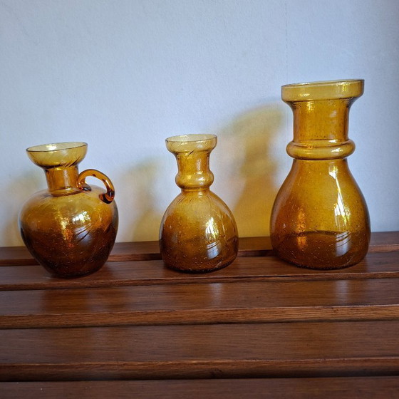 Floris Meydam Etrusk vasen. Set van 3 in mind conditie. Puntgaaf in de kleur amber. Geproduceerd/geblazen in de jaren 70tig in Leerdam. Made in Holland. Tof in een mooi interieur of een super cadeau om voor een bijzonder gelegenheid te schenken.
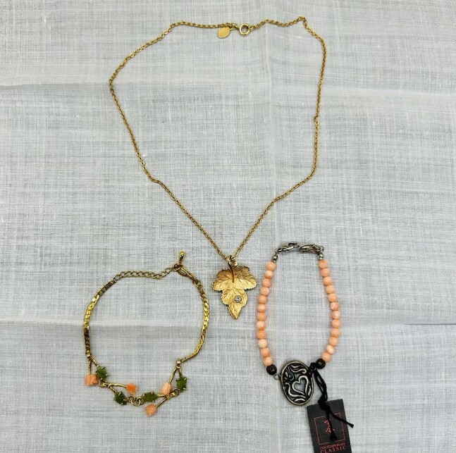 - AVON リーフネックレス 珊瑚の羽織紐 玉石の羽織紐 スタージュエリー 58-2
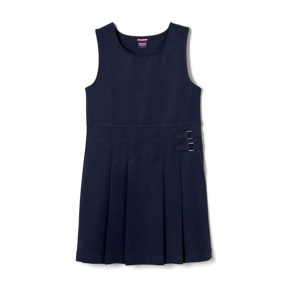 Step one: Pick out your top. Step two: Slip this jumper on over it. Step three: Look sharp! Made of durable poly material, this jumper dress is ready for the ins and outs (and ups and downs) of school and beyond.
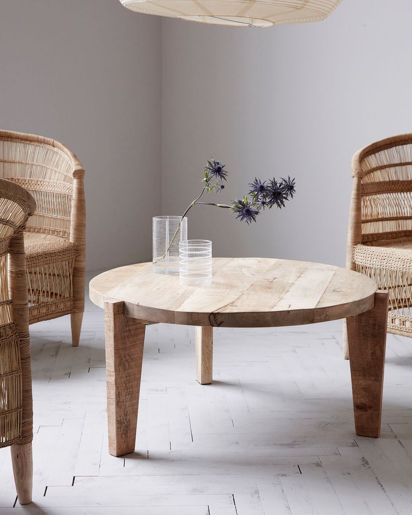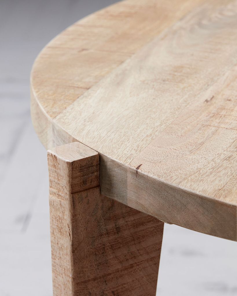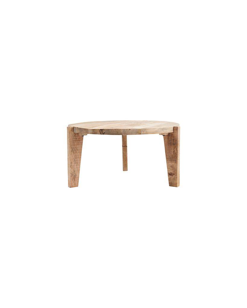 Elegant soffbord i mangoträ med rund form och robusta ben. Perfekt för en modern touch i vardagsrummet.
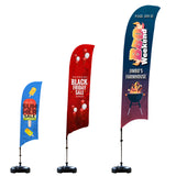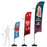 Flags include a pocket for pole insertion and grommets on the bottom so the short bungee cord can hook on and attach the graphic to the base.
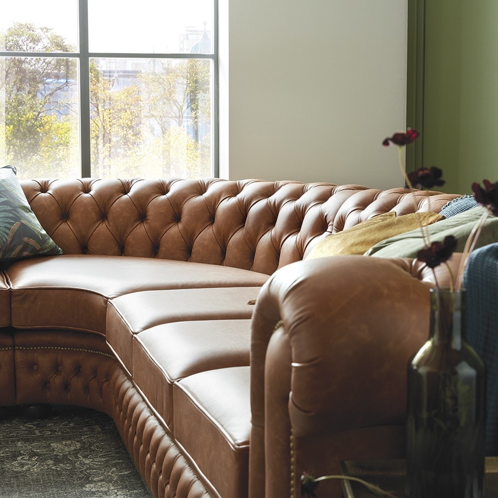 To make the most of this Chesterfield L-shaped sofa, consider these styling tips:
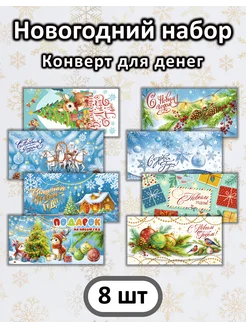 Новогодний Конверт для денег набор 8 шт (№ Н21)
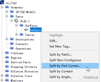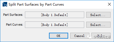 右键选择模型树节点Parts > Body 1 > Surfaces > Default,选择菜单项Split by Part Curves…,利用特征线分割几何
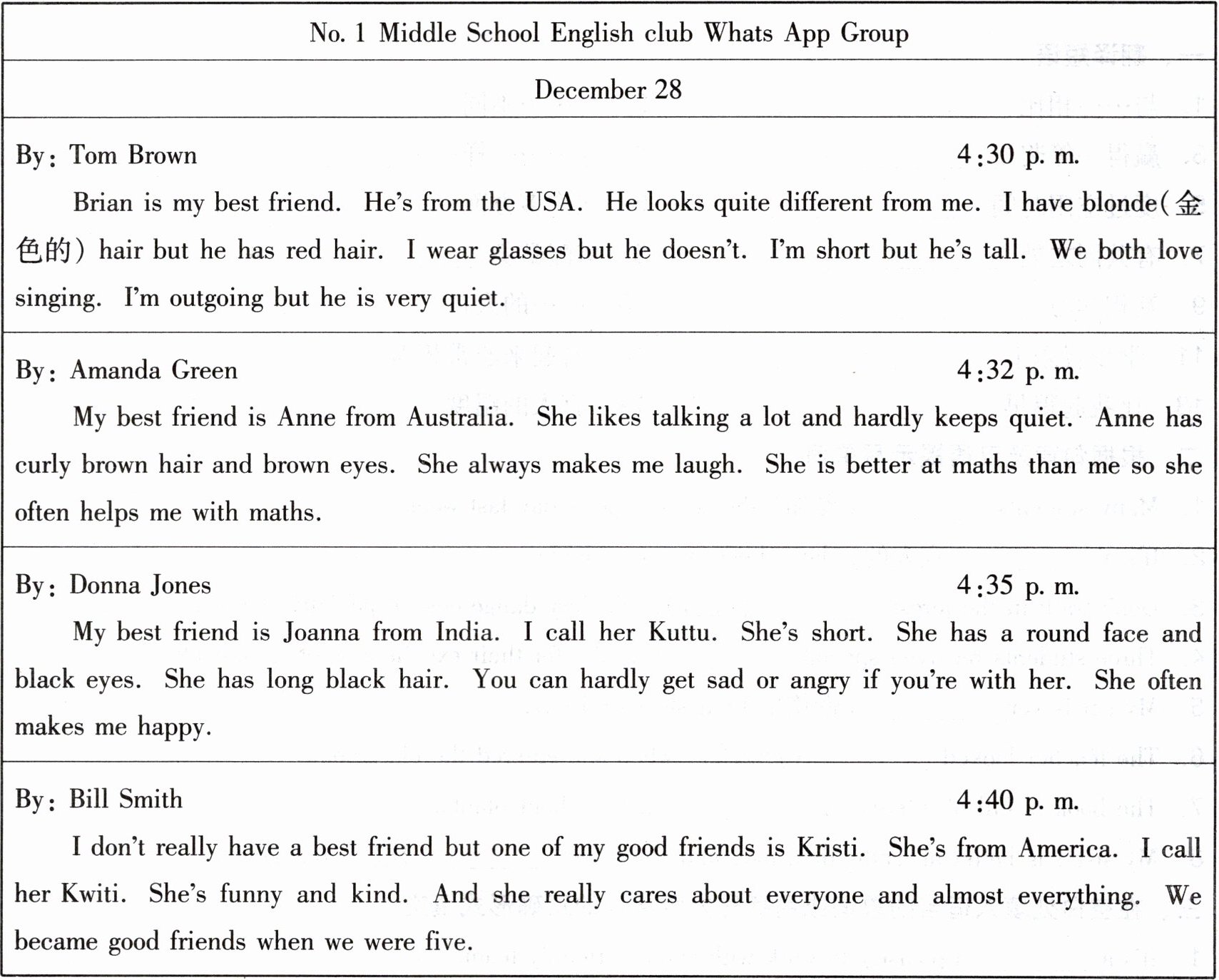) 2. According to the text, how can we describe Amanda's best friend?A. Quiet and shy. B. Tall and beautiful.

########

◆ TASK ITEM:
For every entry above, please output the text exactly and leave any picture behind.

◆ ANSWER AREA:
 Floris Meydam Etrusk vasen. Set van 3 in mind conditie. Puntgaaf in de kleur amber. Geproduceerd/geblazen in de jaren 70tig in Leerdam. Made in Holland. Tof in een mooi interieur of een super cadeau om voor een bijzonder gelegenheid te schenken.
 - AVON リーフネックレス 珊瑚の羽織紐 玉石の羽織紐 スタージュエリー 58-2
 Step one: Pick out your top. Step two: Slip this jumper on over it. Step three: Look sharp! Made of durable poly material, this jumper dress is ready for the ins and outs (and ups and downs) of school and beyond.
 Elegant soffbord i mangoträ med rund form och robusta ben. Perfekt för en modern touch i vardagsrummet.
 Flags include a pocket for pole insertion and grommets on the bottom so the short bungee cord can hook on and attach the graphic to the base.
 To make the most of this Chesterfield L-shaped sofa, consider these styling tips:
 Новогодний Конверт для денег набор 8 шт (№ Н21)
 右键选择模型树节点Parts > Body 1 > Surfaces > Default,选择菜单项Split by Part Curves…,利用特征线分割几何
) 2. According to the text, how can we describe Amanda's best friend?A. Quiet and shy. B. Tall and beautiful.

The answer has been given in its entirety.